▸ EXERCISE
Copy out the data from the line containing "گروه عکس خبرگزاری" to its last line, exactly. No pictures.

▸ DATA SEGMENT
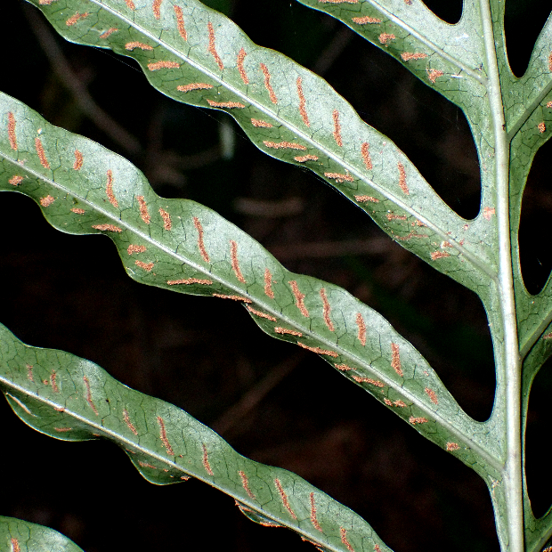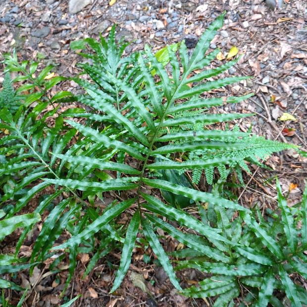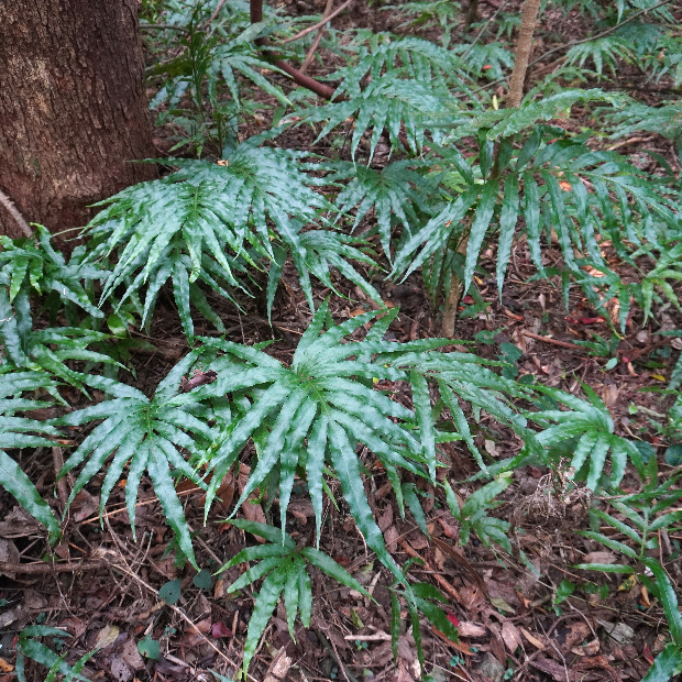 大きなヒトデのようなシダ。 近い仲間のイワヒトデよりも南方に分布してより大きくなるほか、 羽片の数が多いこと、 葉脈がよく見えることなどが違いです。 近縁種とは雑種を作ります。
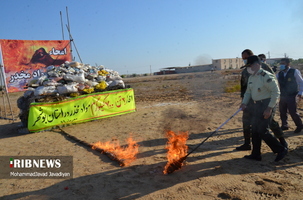 گروه عکس خبرگزاری صدا و سیما؛ با اشراف اطلاعاتی ماموران نیروی انتظامی، بیش از ۲ تن و ۷۰۰ کیلوگرم انواع مواد مخدر کشف شد که امروز مواد غیر دارویی آن به آتش کشیده شد. این مواد از نوع حشیش، شیشه، گل، مواد صنعتی و قرصهای روان گردان است. دبیر شورای هماهنگی مبارزه با مواد مخدر استان هم گفت: قاچاقچیان مواد مخدر اگر میتوانستند این مواد غیر دارویی را به مقصد برسانند حدود ۱۶ میلیارد تومان منفعت میکردند و بلای جان ۱ میلیون و ۳۰۰ هزار نفر میشد. ارسطو ترکمان منش با بیان اینکه ۷۵ درصد مواد مخدر کشف شده در عرصه دریا است افزود: همجواری با کشورهای همسایه موجب شده استان بوشهر همواره مورد طمع سودجویان و سوداگران مرگ برای حمل و نقل و ترانزیت مواد مخدر است.
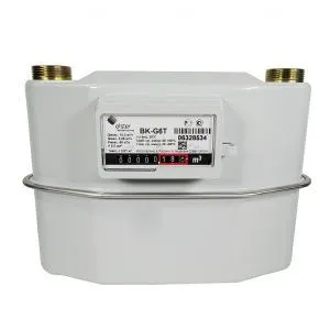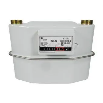 Принцип работы мембранного бытового счетчика газа BK (ВК): основан на отборе энергии поступающего газа. При перемещении мембран происходит поочерёдное выдавливание газа из рабочих камер. Кривошипно-шатунный механизм преобразует поступательное движение мембран во вращательное, которое через муфту передаётся счётному устройству.
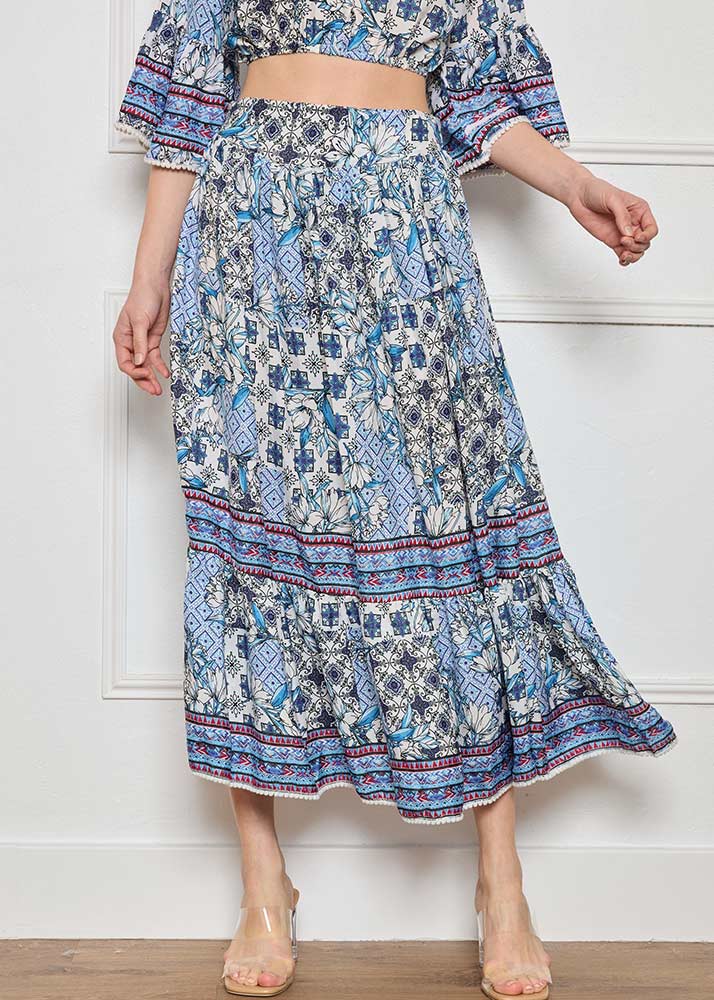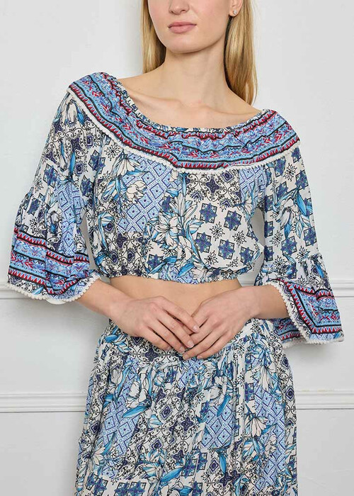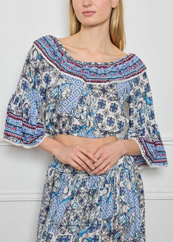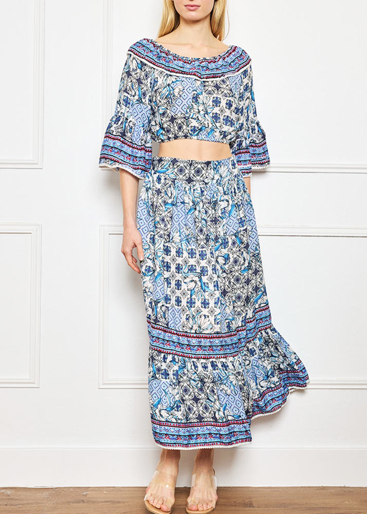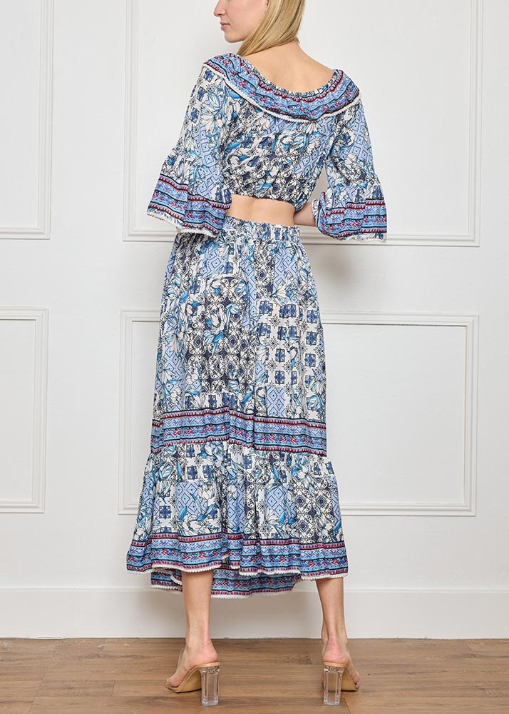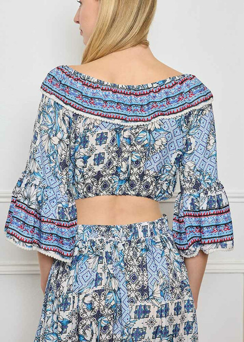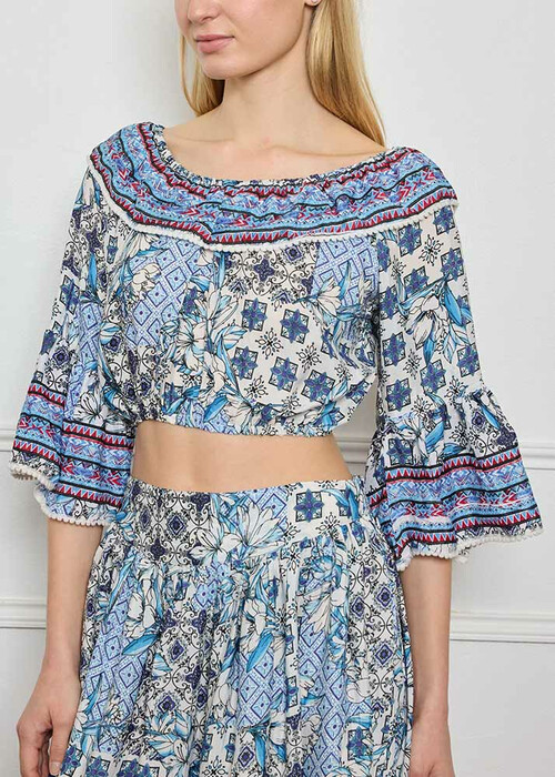 Set Φούστα/Τοπ Κοντό Έξωμο Βολάν Εμπριμέ

▸ TASK ANSWER
 گروه عکس خبرگزاری صدا و سیما؛ با اشراف اطلاعاتی ماموران نیروی انتظامی، بیش از ۲ تن و ۷۰۰ کیلوگرم انواع مواد مخدر کشف شد که امروز مواد غیر دارویی آن به آتش کشیده شد. این مواد از نوع حشیش، شیشه، گل، مواد صنعتی و قرصهای روان گردان است. دبیر شورای هماهنگی مبارزه با مواد مخدر استان هم گفت: قاچاقچیان مواد مخدر اگر میتوانستند این مواد غیر دارویی را به مقصد برسانند حدود ۱۶ میلیارد تومان منفعت میکردند و بلای جان ۱ میلیون و ۳۰۰ هزار نفر میشد. ارسطو ترکمان منش با بیان اینکه ۷۵ درصد مواد مخدر کشف شده در عرصه دریا است افزود: همجواری با کشورهای همسایه موجب شده استان بوشهر همواره مورد طمع سودجویان و سوداگران مرگ برای حمل و نقل و ترانزیت مواد مخدر است.
 Принцип работы мембранного бытового счетчика газа BK (ВК): основан на отборе энергии поступающего газа. При перемещении мембран происходит поочерёдное выдавливание газа из рабочих камер. Кривошипно-шатунный механизм преобразует поступательное движение мембран во вращательное, которое через муфту передаётся счётному устройству.
 Set Φούστα/Τοπ Κοντό Έξωμο Βολάν Εμπριμέ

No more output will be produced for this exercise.